Poem written by Richard Blanco

"One Today" is a poem by Richard Blanco first recited at the second inauguration of Barack Obama, making Blanco the fifth poet to read during a United States presidential inauguration. "One Today" was called "a fine example of public poetry, in keeping with Blanco’s other work: Loose, open lines of mostly conversational verse, a flexible iambic pentameter stanza form," by Ken Tucker in Entertainment Weekly.

==Background==
Richard Blanco was asked to write three poems for the selection of the one to be read at the second inauguration of Barack Obama re-elected on his second term on November 6, 2012.
"One Today" was chosen among "What We Know of Country" and "Mother Country".
The poet said: "I wanted all three to be different facets of my writing, and my experiences, and how we can live in our country and be part of the union"

==Analysis==
"The images in the poem move from the universal to the specific, so that from out of the millions of nameless, faceless Americans one figure in particular emerges: the immigrant. This is where “One Today” does something very interesting: it shows us the exact point at which the story of the immigrant experience intersects with the myth of the American Dream."

"Over the course of its nine stanzas (69 lines), “One Today” offers a sweeping view of America during a single day, from sunrise to sunset. The first stanza links geographically diverse areas of the country through the image of the rising sun:"

The incipit is strongly alliterative.
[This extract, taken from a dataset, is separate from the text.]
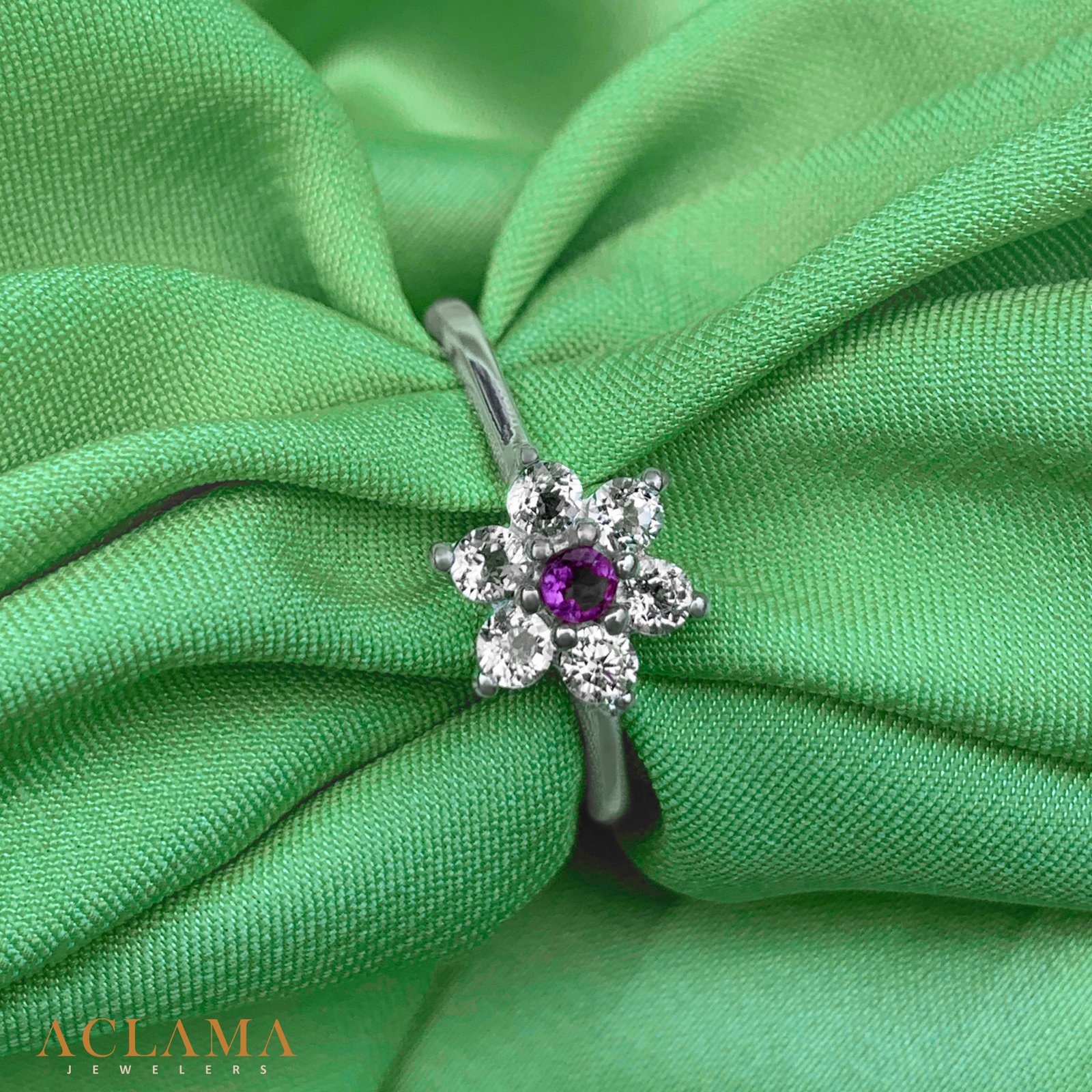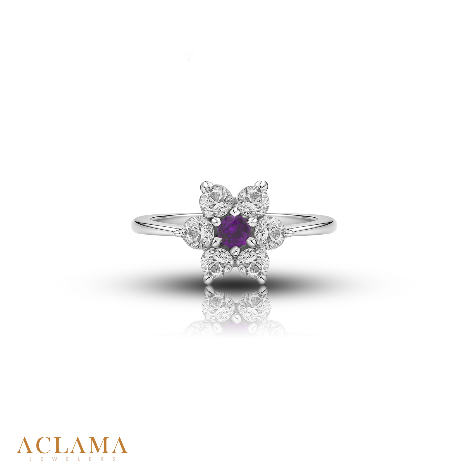 Crafted in sterling silver, this ring features a natural amethyst at its heart, embraced by six sparkling white topaz stones.
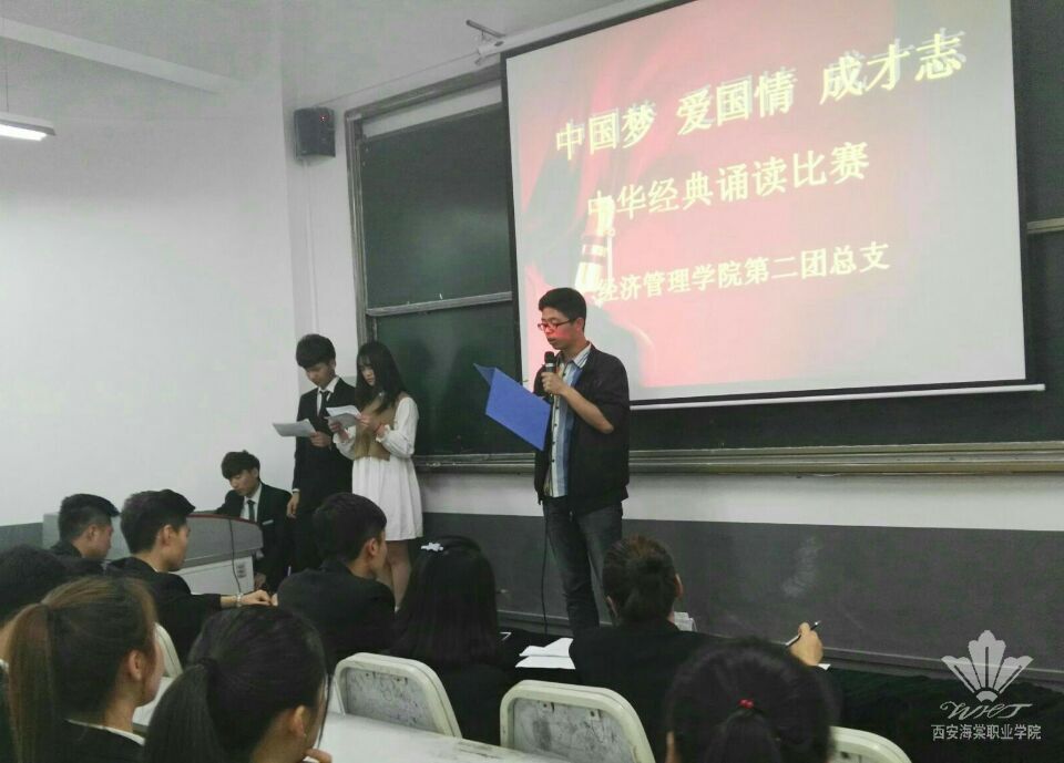 2016年4月19日16时,我院第一团总支和第二团总支分别在4411教室和2213教室举办了以“中国梦、爱国情、成才志”为主题的中华经典诵读比赛。院团委主要领导干部以及全体学生干部参加本次活动。

Almost each word recalls the following by assonance . A sort of raffinate anagrammatic playing, highlights "us" which is contained in the word "sun" and "rose" which is contained in "shores".
The anaphoric "One" of the first and fifth line, emphasizes the diurnal light growing in intensity.
The poem is characterised by a musical harmony given by the employment of figures of sound such as alliteration, assonance, paromoiosis, and several onomatopoeic words such as "slide", "whistling", "brush". The style is mostly nominal and where the lyrical discourse proceeds for asyndeton the speed of the rhythm creates breathtaking poetic-narrative sequences.

On the other hand the employment of prepositions, deixis, particularly spatial deixis, makes images plastic and visual.